August 03, 2010

I really want an OS X version of iBooks...

I've been messing around with my epub creation script, and the thing's working pretty well at this point -- feed it a manifest file with some metadata in it, along with the files to be stuffed into the book, and it works just fine. Very cool. Most of the heavy lifting's done with some perl modules

Of course, actually building the ebook's the easy bit. Building a book that iBooks likes is the tricky bit, since it very sensibly assumes that you're only going to hand it ebooks it likes, and those books aren't going to change once you hand them off. If either of those things isn't true then it gets all sorts of cranky.

I'd like to bitch about that, I really would, but it's not really reasonable to do so. It's not a development tool, and treating it like one doesn't work too well.

For example, if you've handed iBooks a book that doesn't validate for some reason, or has an error in it, it'll yell. That's fine. But... if you fix that error, drop the new version of the book in iTunes and re-sync? Nothing happens. iBooks doesn't notice that a book's got new contents and happily re-displays the old contents for you, complete with errors. You have to delete the book, sync, re-add the book, and resync. All with iBooks running, or it doesn't reliably clear out its cache. Yech.

And lets not even get into the execrable HTML that Word, OS X's RTF->HTML methods, and various publishing tools create. They'll all happily ladle on vast amounts of crap that generally need to be stripped away if you want to make a simple ebook. Stripping that out's been huge amounts of fun, especially coupled with iBook's double-sync quirk.
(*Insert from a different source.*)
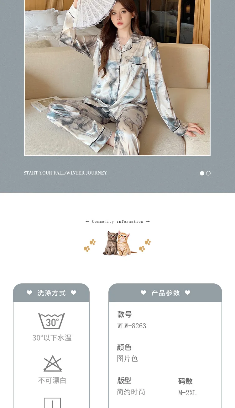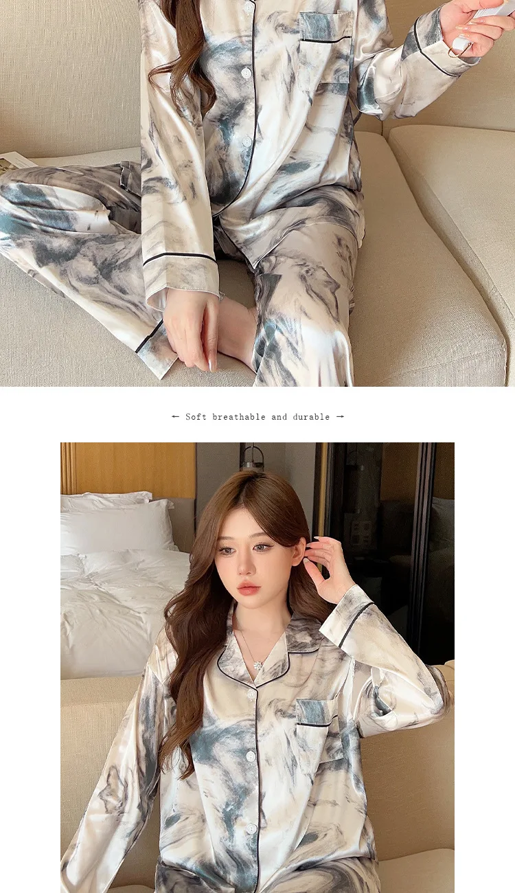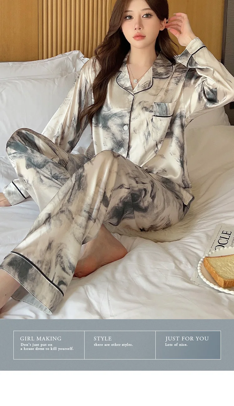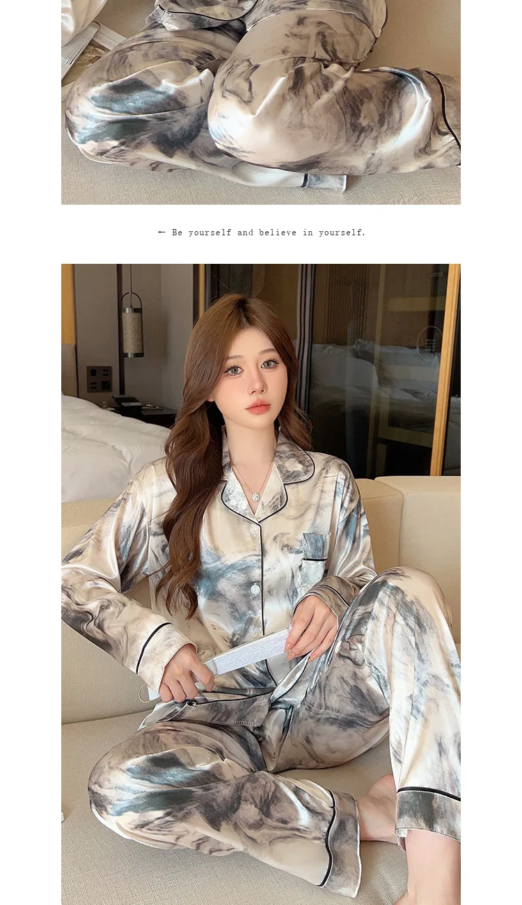 Ink Flower Pajamas Spring Autumn New Long-sleeved Trousers Two-piece Set, Korean Loungewear Satin Silk Luxury Loungewear Women

Thankfully there's http://www.threepress.org/document/epub-validate/ to do validation, but that only works if you're online, and doesn't catch formatting problems, just HTML issues. (Which, granted, is a big help)

All this'd be so much easier if there was an OS X version of iBooks I could work directly with. All the ePub capable ebook software I've got handy on my mac is altogether too forgiving (or, in the case of stanza, outright ignores a lot of stuff, which is nice as a reader but a pain in the neck for figuring out if things are working)

Ah, well, such is life. I think this thing is about ready to release for other folks to play with.